Memory structures used in microprocessors and computing systems (e.g. a processor and memory) are growing rapidly in size and capability to accommodate the larger, proliferating new applications of increasing complexity and to improve processor performance. In general, systolic structures are used for mapping computations or processes into hardware structures and SMAs are used to map computations or processes into memory structures.
There is typically a direct relationship between a memory's capacity and its physical size, where a larger memory results in a larger physical size and a smaller memory results in a smaller physical size. This larger physical size increases the access time due to the inherent wiring delay present in longer wires and communication paths associated with the larger size. This makes accessing data and information stored in a memory structure within a short time or an otherwise acceptable time an increasingly difficult process.
Therefore, the various exemplary embodiments of the present invention address the disadvantages mentioned above and disclose a memory array that includes a plurality of multiple banks, which are adjustable in size (e.g. they can be made smaller or larger). These banks have shared address lines and are accessed in a pipelined fashion. After a certain latency or delay transpires, data stored in the banks at every clock cycle can be read out. Memory accesses to this memory array are sustainable for both reads and writes.

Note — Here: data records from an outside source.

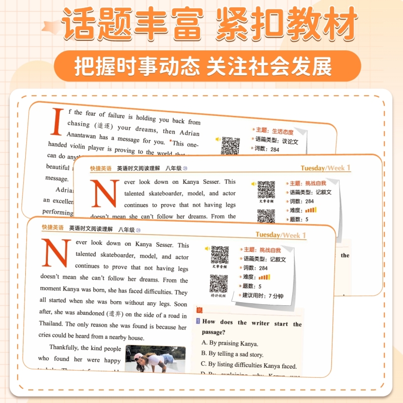 快捷英语时文阅读2026初中完形填空与阅读理解专项训练中考版七八九年级初一初二初三上下册传统文化29期28练习英文短文时事高效
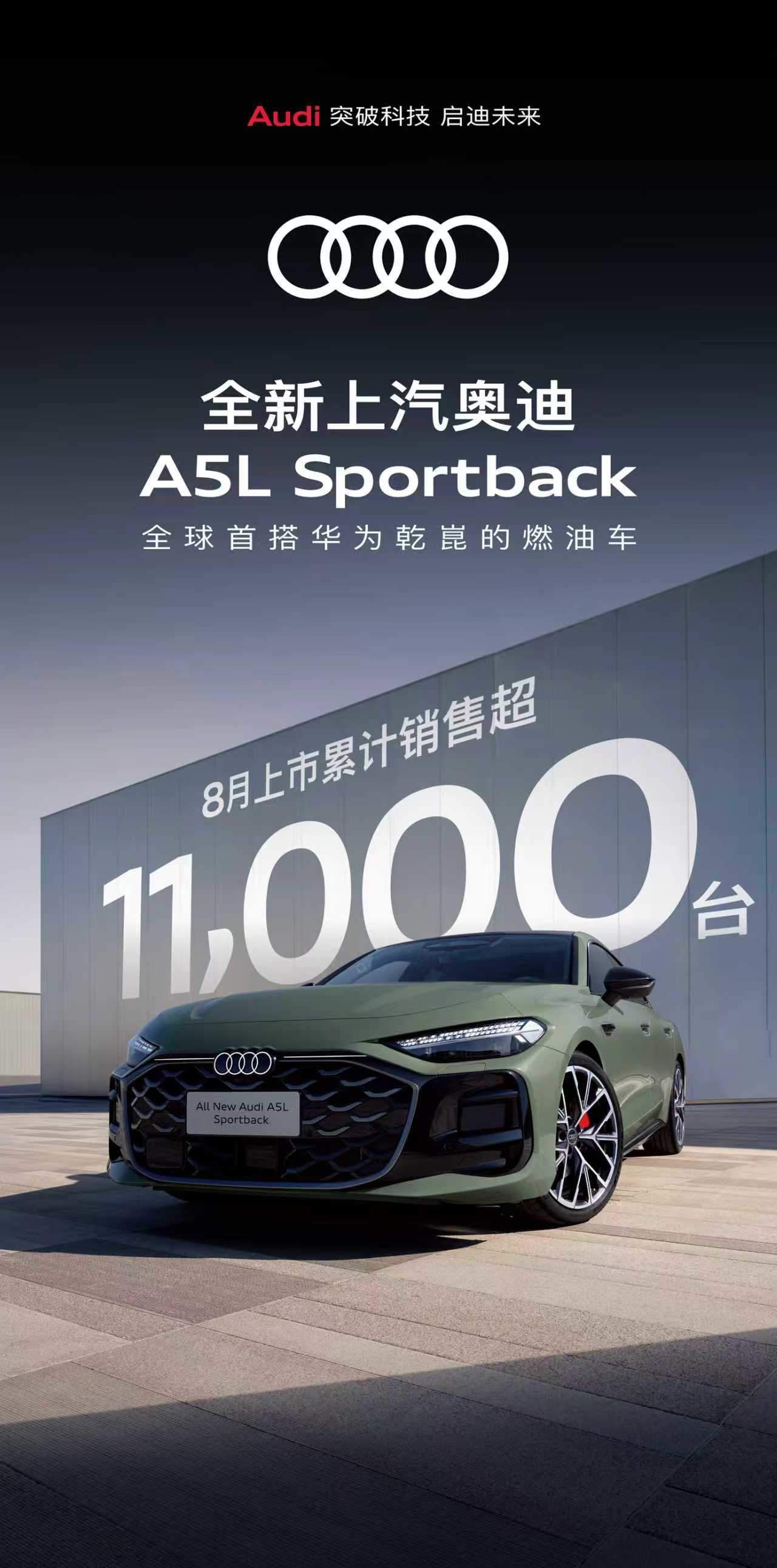 “豪华智慧性能轿车”全新上汽奥迪A5L Sportback自上市以来,凭借卓越的产品实力,迅速点燃市场热情。上市仅两个多月,累计销售超11,000台,这一亮眼成绩不仅充分印证了消费者对产品价值的高度认可,更为上汽奥迪品牌持续向上注入强劲动能。
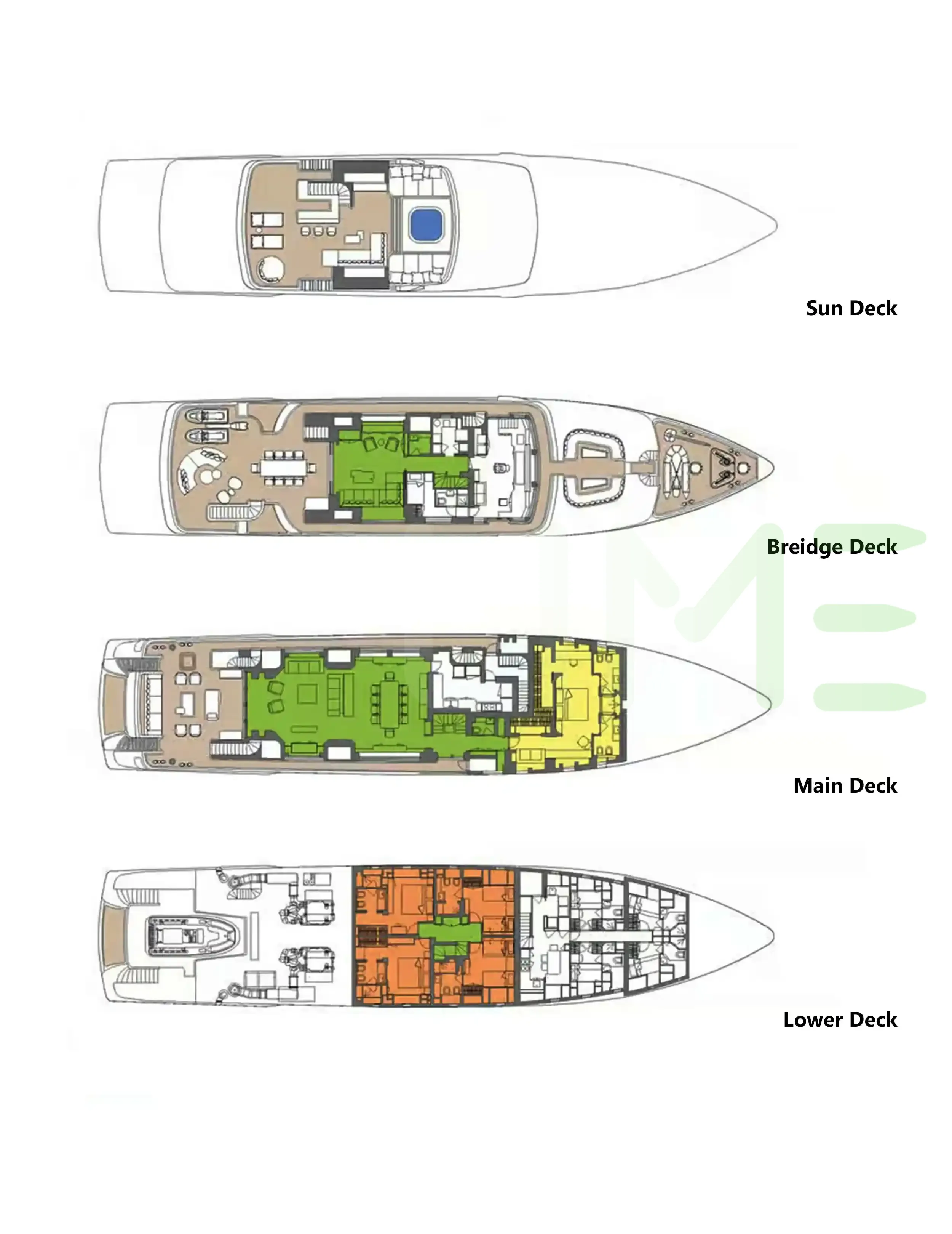 Request plans that include the layout of staterooms, guest areas, and outdoor spaces, as well as crew quarters and work areas.
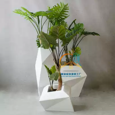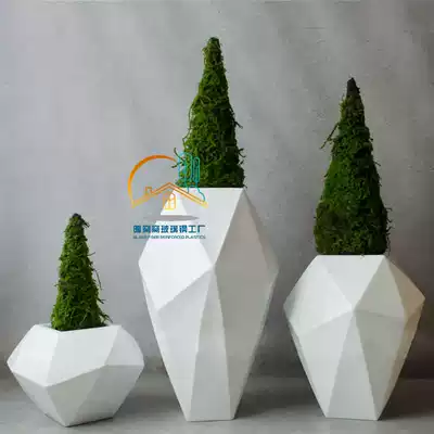 Custom glass fiber flower pots shopping mall hotel sample house display center diamond geometric flower bowl municipal outdoor square large flower Ware

The various exemplary embodiments of the present invention permits memory arrays subdivided in banks to be accessed in a pipelined fashion. This approach achieves a much higher sustainable memory bandwidth and possibly a shorter average access time than what the individual banks provide if they were accessed with shared non-pipelined buses. This design also alleviates the problem of driving long global bit lines in larger memories. Read access of this type of pipelined memory will exhibit physical locality properties and have variable latency. Banks that are located closer to an access port will have shorter access time than banks that are located farther away. Additionally, systolic memories are easier to implement because of their modular designs and they are also more cost effective to produce because of this modular characteristic.